▶ WORK INSTRUCTIONS: Restate the records below exactly. Pictures are not part of the copy.

▶ RECORD SET:
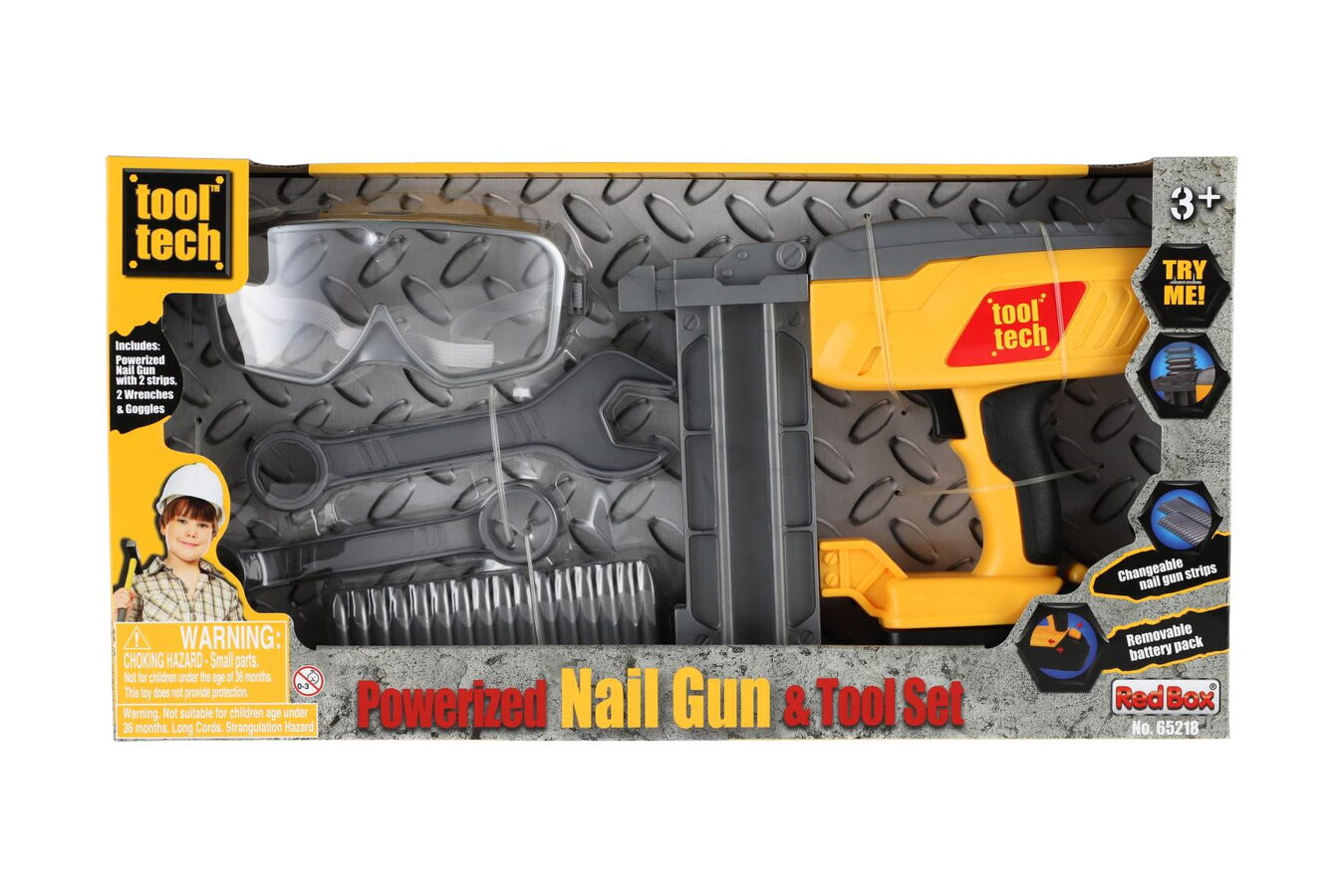 Nádherná sada pro malé kutily. Souprava obsahuje ochranné brýle, klíče, plastové náboje hřebíky a samozřejmě nastřelovací pistoli. Užijete si tak spoustu zábavy při drobných opravách. Pistole má vyjímatelný pack, kde jsou uloženy baterie. Baterie 2x AA jsou součástí balení.
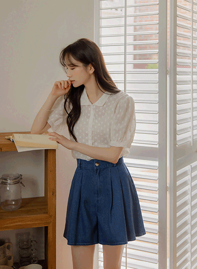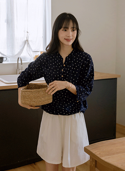 수수한 감성이 느껴지는 코튼 블라우스구요, 작은 카라넥이 포인트가 되어 러블리한 아이템이에요! 잔잔한 플라워 도트가 매력 포인트랍니다 - 24,800원
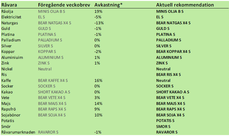 SEB-rekommenderade råvaror
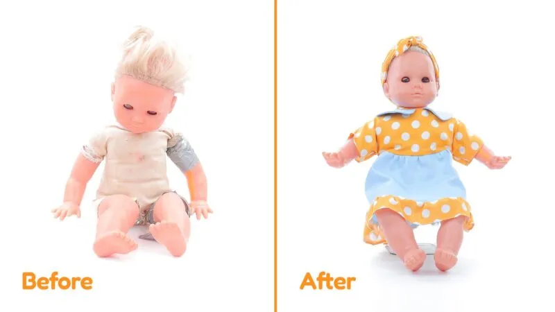 Our skilled restoration team got to work with patience and precision. Dolly was given a gentle but thorough clean to freshen her delicate fabric. Her seams were hand-stitched to secure her limbs, and new stuffing was carefully added to restore her original shape. Her hair was replaced and styled to suit her sweet character, and she was fitted with a beautiful handmade dress to match her charming smile.
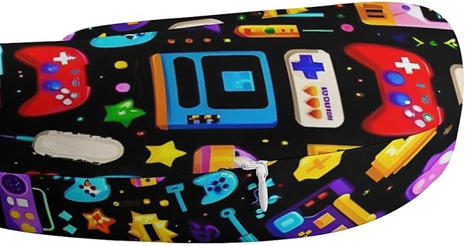 Memory Foam U-Shaped Travel Pillow Neck Pain Relief, Game Video Gaming Pattern White U-Shape, Removable Cover Airplane Car Office
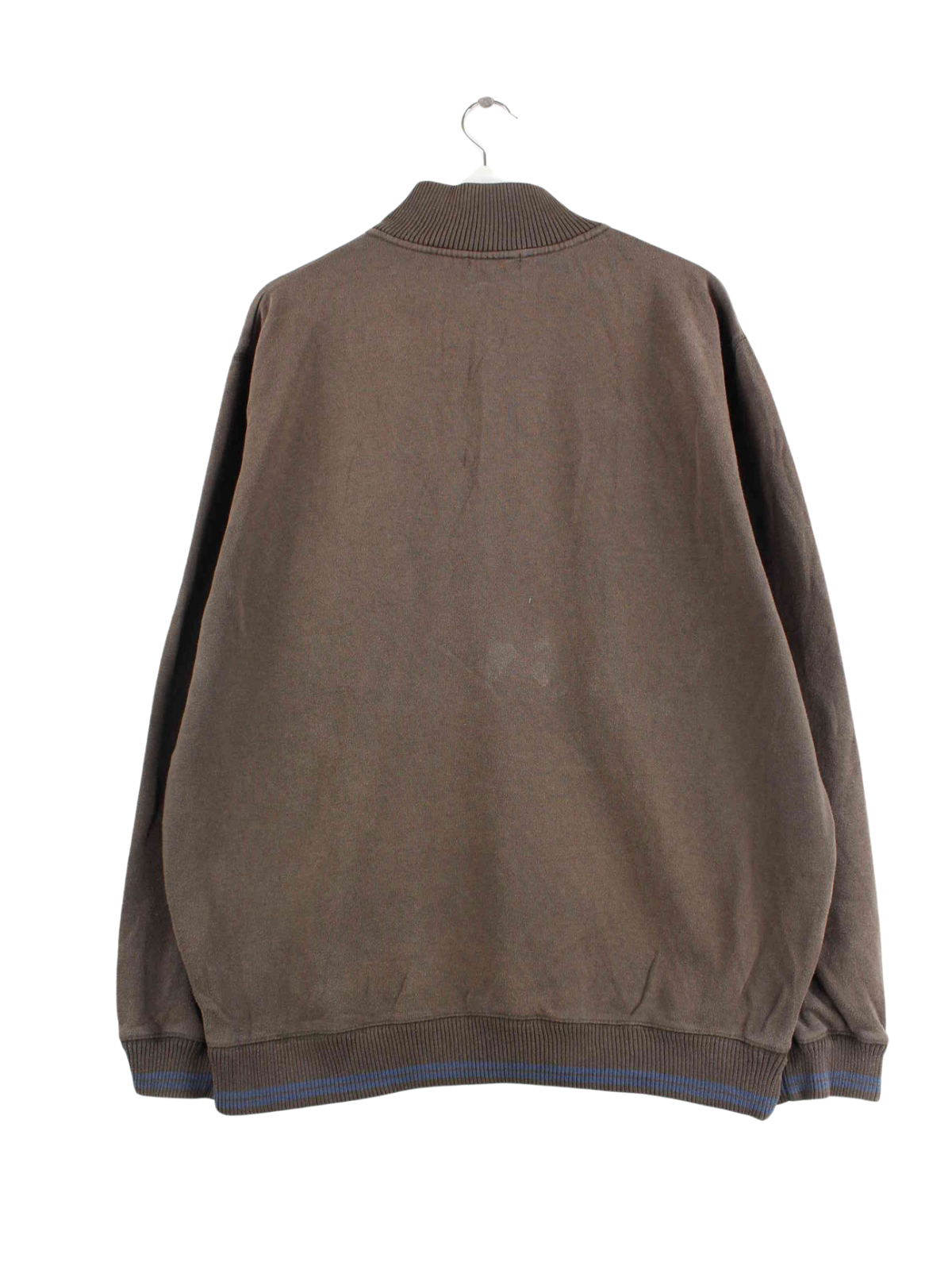 Brauner Vintage Sweater mit kurzem Reißverschluß in Größe XL. Er ist aus einer Baumwollmischung gemacht und in gutem Zustand vorrätig.
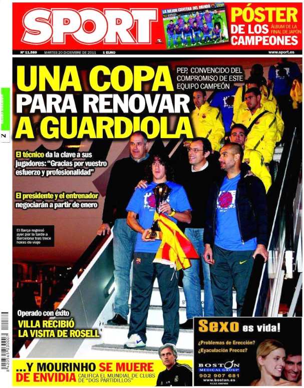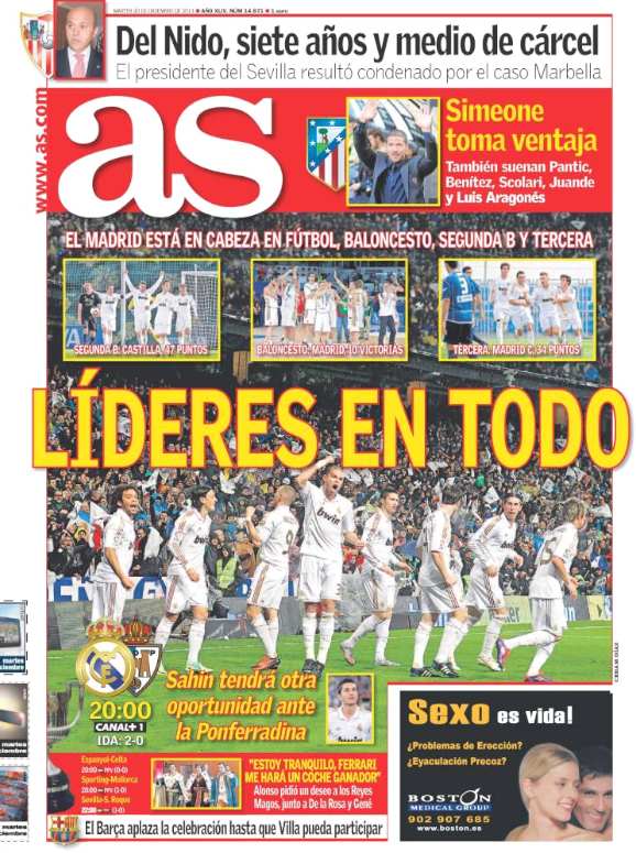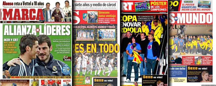 Portadas de las cuatro principales cabeceras de la prensa deportiva española.

▶ EXERCISE SOLUTION:
 Nádherná sada pro malé kutily. Souprava obsahuje ochranné brýle, klíče, plastové náboje hřebíky a samozřejmě nastřelovací pistoli. Užijete si tak spoustu zábavy při drobných opravách. Pistole má vyjímatelný pack, kde jsou uloženy baterie. Baterie 2x AA jsou součástí balení.
 수수한 감성이 느껴지는 코튼 블라우스구요, 작은 카라넥이 포인트가 되어 러블리한 아이템이에요! 잔잔한 플라워 도트가 매력 포인트랍니다 - 24,800원
 SEB-rekommenderade råvaror
 Our skilled restoration team got to work with patience and precision. Dolly was given a gentle but thorough clean to freshen her delicate fabric. Her seams were hand-stitched to secure her limbs, and new stuffing was carefully added to restore her original shape. Her hair was replaced and styled to suit her sweet character, and she was fitted with a beautiful handmade dress to match her charming smile.
 Memory Foam U-Shaped Travel Pillow Neck Pain Relief, Game Video Gaming Pattern White U-Shape, Removable Cover Airplane Car Office
 Brauner Vintage Sweater mit kurzem Reißverschluß in Größe XL. Er ist aus einer Baumwollmischung gemacht und in gutem Zustand vorrätig.
 Portadas de las cuatro principales cabeceras de la prensa deportiva española.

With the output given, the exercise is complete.